The AIE API has a particular set of stage-based functions to compute the Fast Fourier Transform through the Stockham variant of the Cooley-Tukey algorithm. As explained in the FFT background document, such variant is a not in place algorithm, thus generally requires a temporary buffer to save intermediate calculations. However, it has the big advantage of being self-sorting and efficiently vectorizable.
To understand the FFT API usage it is important to consider that the FFT algorithms rely on the concept of decimation, for which an N point Discrete Fourier Transform can be divided into the sum of multiple smaller transforms, multiplied by complex rotation parameters called Twiddle Factors. The number of the resulting transforms depends linearly on the radix parameter: a radix-2 FFT stage will thus divide the original transform into two transforms, a radix-3 into three, and so on. Usually, the decimation process is repeated recursively until the discrete transform to be performed has a number of points equal to the radix of the last stage.
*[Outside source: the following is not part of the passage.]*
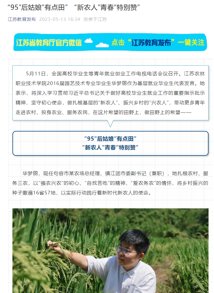 【江苏教育发布】微信专题报道“95”后姑娘“有点田” “新农人”青春“特别赞”

Fig. 2: Diagram of a radix-4 Stage Decimation.
The FFT staged API functions are C++ templatized functions. The API used for this work is the radix-4 stage function, whose declaration is the following:
void aie::fft_dit_r4_stage <unsigned Vectorization,
typename Input , typename Output , typename Twiddle>
( const Input *__restrict x,
const Twiddle *__restrict tw0,
const Twiddle *__restrict tw1,
const Twiddle *__restrict tw2,
unsigned n_points,
unsigned shift_tw,
unsigned shift,
bool inv,
Output *__restrict out)
The template parameters are:
The input datatype;
The output datatype;
The twiddles datatype;
The stage vectorization, that is the step between the indexes of the samples to be summed and rotated.
$$\text{vec}(\text{stage}_ 0)=\frac{N_ {\text{points}}}{\text{radix}_ {\text{stage}_ 0}}, \quad \text{vec}(\text{stage}_ m)=\frac{\text{vec}(\text{stage}_ {m-1})}{\text{radix}_ {\text{stage}_ m}}$$
Fig. 3: Example of vectorization of the three stages of an 8 points radix-2 DIT FFT.
From the figure above, note that the vectorization follows the equations above, where the stride in index (shown at the left of the image) between samples is 4-2-1.The function’s arguments are:
The pointers to the twiddle tables, that are in number equal to the used stage radix minus one, thus three pointers for a radix-4 stage implementation, as observable from figure 2;
The input data memory pointer;
The output data memory pointer;
The total number of points of the signal;
The twiddle shift parameter to handle the fixed-point graularity of the twiddles;
The stage shift parameter to handle the fixed-point graularity of the FFT stage;
The inverse flag, that sets the function to compute the FFT or its inverse function.
Note moreover that having an odd number of stages eliminates the need for a temporary buffer, because the output ping-pong buffers can be used as the auxiliary memory to compute the not in-place algorithm. This happens because every alternated sequence of two elements terminates on the second element only if the number of repetitions is odd. For example, if the three repetitions are done the sequence will be {in-out, out-in, in-out}, whereas with four repetitions it is {in-out, out-in, in-out, out-in}, thus a third auxiliary element would be needed to terminate the sequence on the “out” element.